Sakshi Patel has long dreamed of building a career in the United States after earning her master's degree in financial management from Boston University in May 2025. Now 23 and working as a business analyst at a nonprofit under the optional practical training program, she has roughly two months left on her work authorization before she may need to return to her native India if no suitable position materializes.
The challenges facing Patel and thousands of other international graduates come amid a softening entry-level job market and shifting immigration rules. Job postings on Handshake fell 2 percent from July 2025 to March 2026 compared with the prior year and 12 percent from 2019-2020 levels, while the unemployment rate for recent college graduates aged 22 to 27 reached 5.6 percent in March 2026, according to New York Fed data.
Erica Ford, an international career development coach at Cornell University who supports about 300 international students annually, noted that even students in STEM fields are now often content with a single job offer. "Some of the most common concerns are: Are employers still hiring international students right now? Am I being screened out because of my temporary work authorization or because I said that I would need sponsorship in the future?" Ford said.
Data from Handshake shows the share of full-time job postings offering visa sponsorship dropped from 10.9 percent in 2023 to 2.6 percent in 2026, with the steepest declines in the tech sector. Approximately 84,000 international students are expected to earn bachelor's degrees from U.S. universities in 2026, while hundreds of thousands more pursue master's and doctoral degrees, according to analyses of National Center for Education Statistics and Open Doors data.
David Li, a 29-year-old doctoral candidate in political science at the University of Wisconsin-Madison, plans to begin searching for postdoctoral and academic positions in September but is also weighing opportunities in Europe, his native China, and other parts of Asia. "Before, there was this golden standard of coming to the U.S., staying in the U.S., [and] realizing your American dream," Li said. "Now, this dream is collapsing."
The U.S. issued 97,000 fewer F-1 visas for the 2025-26 academic year than the previous year, a 36 percent decline, according to an analysis by The Chronicle of Higher Education. Application processing for some immigration benefits, including OPT, has been paused for students from countries covered by the Trump administration's travel ban, leaving many F-1 visa holders unable to begin work after graduation, Inside Higher Ed reported.
"The research literature provides strong and consistent evidence that high-skill immigration drives U.S. productivity and economic growth, with the largest effects from STEM-trained immigrants ... [arising from their] effects on new business formation, scientific discovery, and the patenting of new economic ideas."
Xinran Xu, 24, who earned her master's degree from the University of Michigan in 2025 and now works as a statistician at a medical device company outside Minneapolis, is awaiting a decision on her H-1B visa petition. Her company is covering fees and supporting the application through an immigration attorney. The Trump administration's September announcement of a $100,000 fee for new H-1B recipients and a March Department of Labor proposal to raise minimum salary requirements by 21 to 33 percent have added uncertainty for younger workers.
Former international students have founded one-quarter of U.S. startups valued at $1 billion or more, according to a 2022 NAFSA analysis.
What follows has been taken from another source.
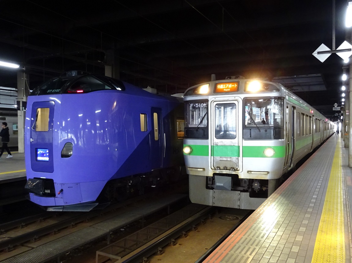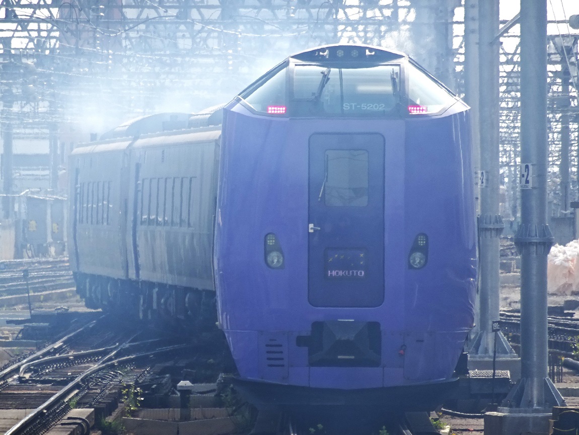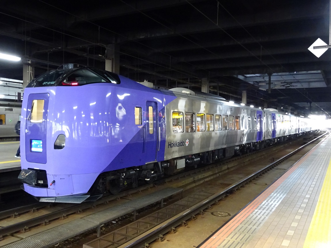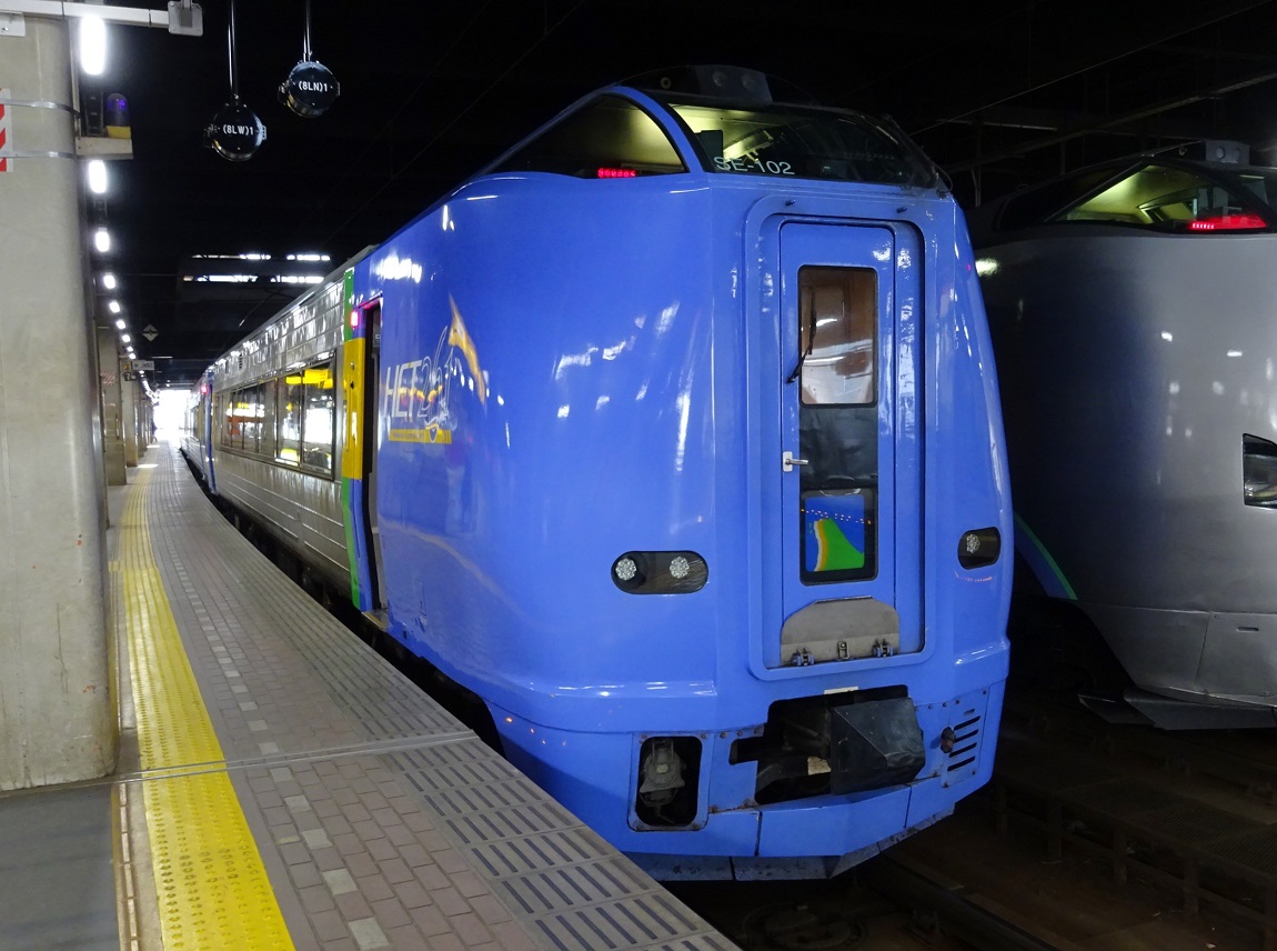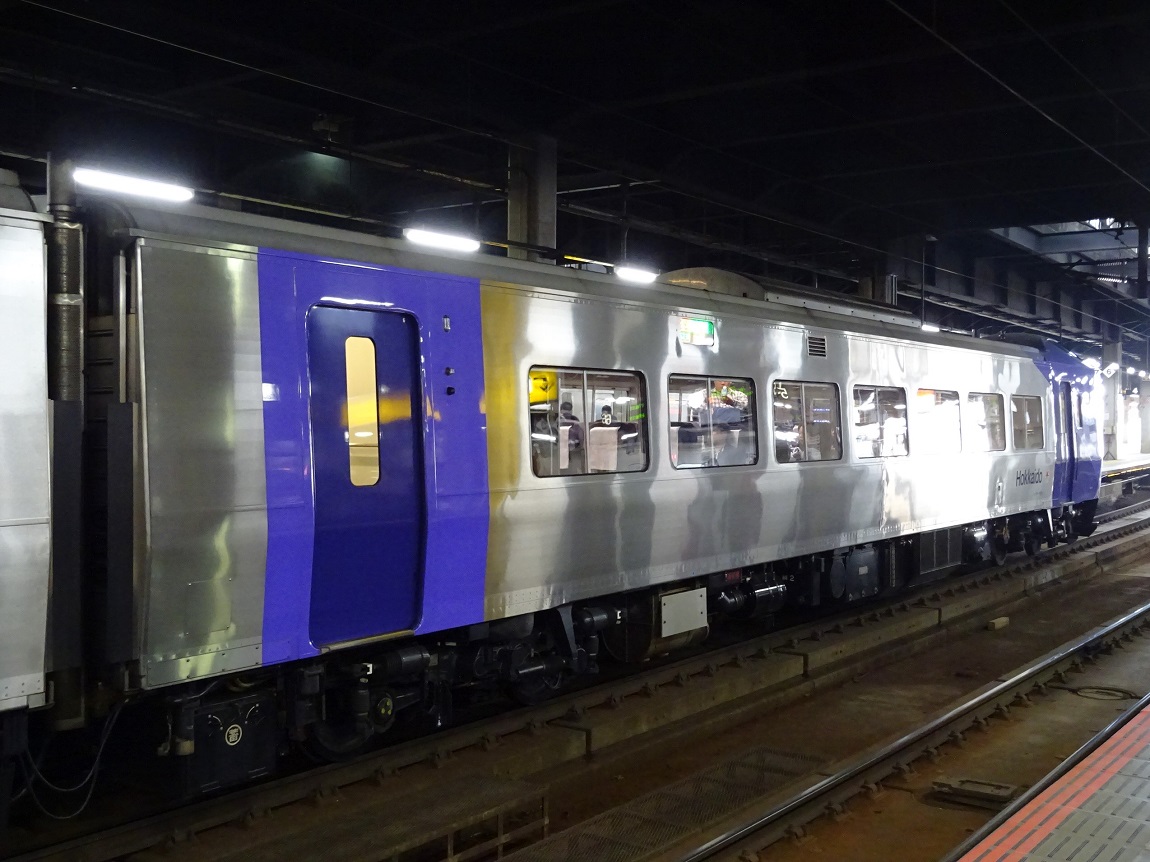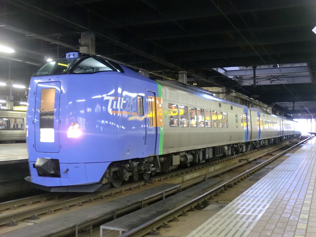 SE-202編成+SE-104編成 特急「スーパー宗谷」札幌発車(youtube) JR北海道のディーゼル特急は、基本的に1特急に1形式の形をとっている(時々キハ283の「スーパーとかち」が運用される、など例外はあるようです)ので、記録自体は楽です。キハ261-0は「スーパー宗谷」に充当されています。ディーゼル特急とは思えないくらい加速が良いのには驚かされました…。本数が少ないので見たい場合は時間を確認しておいた方が良いかもしれません。 この時の編成はSE-202編成と増結用2両のSE-104編成を繋げた6両編成でした。通常は4両編成で走っているようです。 |

Researchers estimate that a one-third reduction in international STEM graduates could result in annual GDP losses of $240 billion to $481 billion over the next decade, per an October 2025 working paper from the National Academies of Sciences, Engineering and Medicine.
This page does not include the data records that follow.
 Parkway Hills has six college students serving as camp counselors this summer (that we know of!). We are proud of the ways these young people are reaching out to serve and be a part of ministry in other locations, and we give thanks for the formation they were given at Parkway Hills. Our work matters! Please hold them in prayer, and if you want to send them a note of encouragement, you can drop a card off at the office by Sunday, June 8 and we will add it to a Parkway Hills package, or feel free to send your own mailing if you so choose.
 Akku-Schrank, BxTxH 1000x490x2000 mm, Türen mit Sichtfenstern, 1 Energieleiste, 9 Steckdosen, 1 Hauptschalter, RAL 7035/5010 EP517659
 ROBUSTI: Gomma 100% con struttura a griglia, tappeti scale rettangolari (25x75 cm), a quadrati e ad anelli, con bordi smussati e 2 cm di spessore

Ford encourages students to attend conferences, message hiring managers directly, and build personal connections rather than relying solely on online applications. "In a market in the condition that we're in right now, taking that extra step to build relationships and make personal connections makes a huge difference," she said.
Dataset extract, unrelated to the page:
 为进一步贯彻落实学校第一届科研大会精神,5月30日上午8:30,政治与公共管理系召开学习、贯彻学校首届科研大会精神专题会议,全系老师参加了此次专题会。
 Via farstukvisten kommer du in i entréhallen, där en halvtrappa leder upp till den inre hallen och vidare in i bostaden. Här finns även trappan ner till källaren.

Patel continues networking aggressively while maintaining optimism about remaining in the U.S. "I came with that dream to the United States, and I still hope to live that dream," she told CNBC Make It. If her OPT expires without a qualifying role, she says she will seek work in India but will keep trying to return. "I just want to use that time to make a fair effort so that I don't have any kind of regrets."
Xu anticipates ongoing immigration hurdles. "I'm just expecting a bumpy road throughout the next five years," she said. Many peers are now considering alternatives such as Hong Kong, Singapore, Canada, Australia, and countries across Europe and Southeast Asia, according to Ford and Li.